As I said, Professor Fryer comes in for some scrutiny in the article.
Fryer now employs seven full-time “project managers,” mostly recent college alums, and works with dozens of others. The students, generally recent college graduates like David Toniatti, each manage a research project, from designing the methodology to collecting the data and running the numbers. Fryer writes the final papers, for which he is accorded primary authorship. “It’s him casting a vision, us working through the details, and him correcting it,” Toniatti says. “Everyone can run the regression; it’s really the idea that counts.”
The article raises some important questions--though I disagree with a lot of what the author has to say about the appropriate use of research assistants. The author at one point acknowledges that heavy reliance upon research assistants is appropriate in certain areas: "Different fields have different customs; what wouldn’t raise an eyebrow in the economics department might raise havoc in English." But then she goes on to pose a critical question for post-tenure scholars--not just at the super elite schools like Harvard, but at many places. She asks should faculty "simply churn out the one or two serious books necessary to get tenure, and then ignore the writing of such books to focus on opportunities that bring more exposure and money? After all, writing scholarly tomes is probably the least glamorous and least lucrative of the many opportunities open to a Harvard professor, and thus one of the easiest to either outsource or abandon." I would not say that writing serious scholarly books is one of the least glamorous (though it may very well be one of the least lucrative) opportunities available to a tenured professor.

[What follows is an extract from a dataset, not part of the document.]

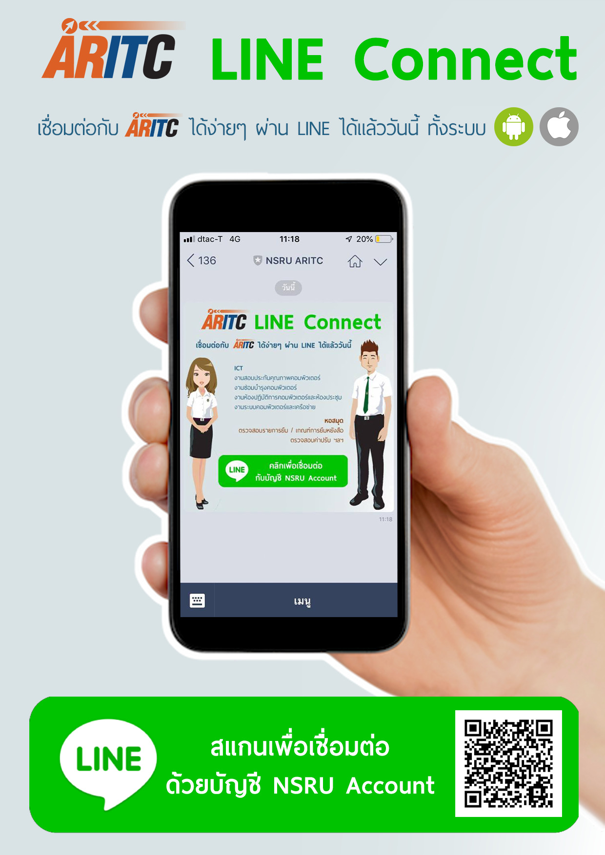 นักศึกษา อาจารย์ และเจ้าหน้าที่ สามารถเชื่อมต่อ "ARITC Line Connect" ได้แล้ววันนี้!!! ที่ https://line.me/R/ti/p/%40isf2733x หรือ สแกน QR Code เพิ่มเพื่อนผ่านทาง Line Application เพื่อสอบถามข้อมูล และรับข่าวสารงานบริการของสำนักวิทยบริการฯ เช่น

In fact, one of the great pleasures of my life is sitting down and writing serious scholarship. Wish I did more of it!
One thing that is troublesome--and I find this every time I work with students, no matter how smart they may be--is that students just don't have the breadth of knowledge of literature, law, or writing that I'd want if I were going to rely in large parts on someone else's work. But I'm puzzled by the amount of moralizing that goes on around the practice of relying on research assistants. In this world of number crunching and case crunching and just plain on research-intensive scholarship, it's necessary to rely on the work of others. Are legal academics to be left working in a cottage industry, fashioning shoes by hand, while others use machines to mass produce Nike sneakers?